If, however, you tend to notice textures – if you play with your hair and love a massage – you are most likely to be kinetic. In bed, you often close your eyes, losing yourself to the sensation. ‘A great thing for this type is to play with different qualities of touch – textures such as silk or leather, or hot and cold temperatures. They would also enjoy stimulation all over the body, beyond the usual erogenous zones.’ So your lover will want to think in terms of bringing the whole of your body to a point of high arousal – every part of you until you are overwhelmed with the sensation.
‘Knowledge of what sexual type you are gives you greater control over your sexuality,’ says psychologist Dr Sandra Wheatley. ‘Everybody will have a preference and be drawn to some things over others. It’s similar to the way some people are more sensitive to music and others to paintings: it isn’t a choice for you, it’s just how it is. An awareness of what turns you on can enable you to relax and be comfortable in your own skin.’
It is in this place, this zone where you abandon yourself to stimulation by someone who truly understands your particular buttons, that you may find yourself tipping into a deeper kind of climax. ‘Providing you are in an open and welcoming frame of mind, if you are deeply and tenderly aroused, you may find you reach a kind of pre-dreamlike state. You are conscious, but not conscious, not controlling your body, not dictating your arousal or your climax.’
Once you’ve identified your stimulus, this isn’t to say that you should focus solely on satisfying your type. As Elena says, ‘You want to develop the other sides of your sexual mind. For example, a kinetic woman might try to keep her eyes open. You never want to use your type to limit yourself – more to highlight certain avenues that will repay exploration.’
Of course, in your relationship there are two sexual types to consider – your lovemaking will be shaped by the needs and desires of your partner as well as your own and, crucially, the compatibility of your types. ‘The great news is that your predominant sexual type is not wholly exclusive,’ Sandra says. ‘You might be 80% kinetic and 20% visual, so there will always be some overlap between your and your partner’s desires. Use this common ground as a starting point for communicating your sexual preferences, then you have a basis on which to suggest trying new things.’

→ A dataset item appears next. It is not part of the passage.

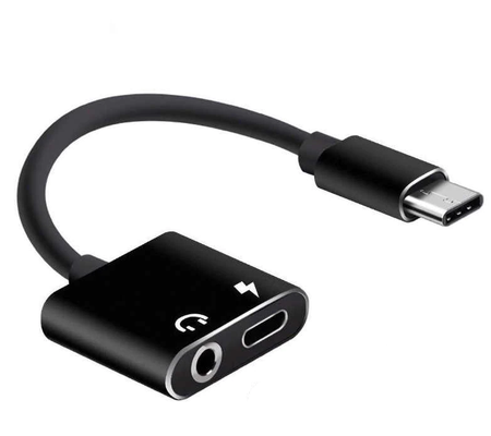 Переходник Type-C на 3,5mm Jack+зарядка Type-C, JBC017/GL022, со шнуром, поддерживает не все samsung, черный

Exploring both your own type and that of your lover can not only benefit your mutual orgasms, Sandra says, ‘but your relationship as a whole. If you are both able to open up and discuss what works for each of you, this breaks down barriers between you and builds confidence. When you are both noticing the details of one another, encouraging and communicating your turn-ons, you may find that your partner has observed things you never even knew about yourself.’